### EXERCISE PROMPT
Exclude all pictures, then write out exactly the lines below from the first one through the line with "Il soffitto a".

### DATA PROVIDED
━━━━━━━━━━━━━━━━

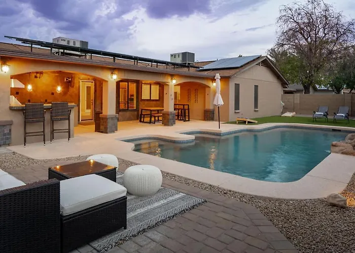 The 2-bedroom Champions Oasis Home - Near The Stadui2007M Withpool & Grill Phoenix accommodates guests in the Deer Valley district, 2.1 miles from Deer Valley Rock Art Center, and offers a private garden for guests to relax in.
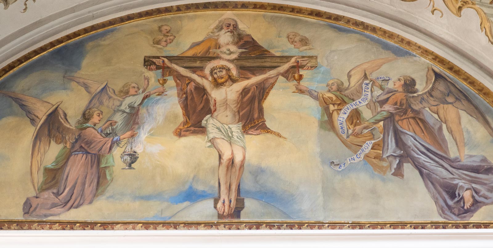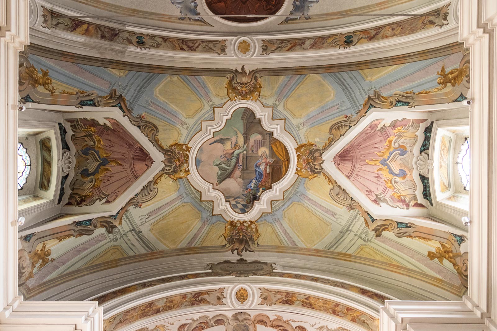 Il soffitto a volte è stato dipinto verso la metà del secolo scorso da Turildo Conconi, noto pittore molto attivo anche in Valtellina.
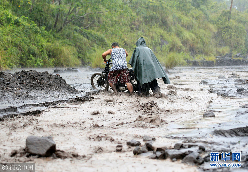 當(dāng)?shù)貢r(shí)間2018年1月27日,菲律賓阿爾拜省,民眾穿過混合著火山灰的泥漿河。(圖片來源:視覺中國)
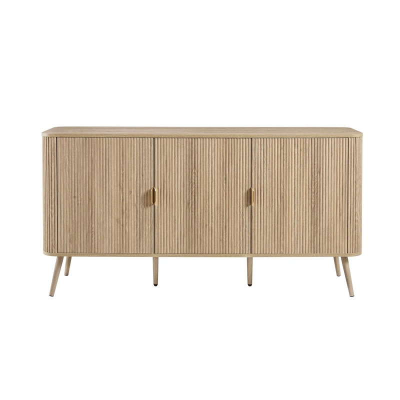 Featuring a sleek grooved design and modern clean lines, the Hattie Sideboard offers ample storage with two spacious cupboards and three central drawers – perfect for organising dinnerware, linens, or everyday essentials. Plus, the top surface provides the ideal space for showcasing your favourite decor pieces.

━━━━━━━━━━━━━━━━

### SOLVED PROBLEM
 The 2-bedroom Champions Oasis Home - Near The Stadui2007M Withpool & Grill Phoenix accommodates guests in the Deer Valley district, 2.1 miles from Deer Valley Rock Art Center, and offers a private garden for guests to relax in.
 Il soffitto a volte è stato dipinto verso la metà del secolo scorso da Turildo Conconi, noto pittore molto attivo anche in Valtellina.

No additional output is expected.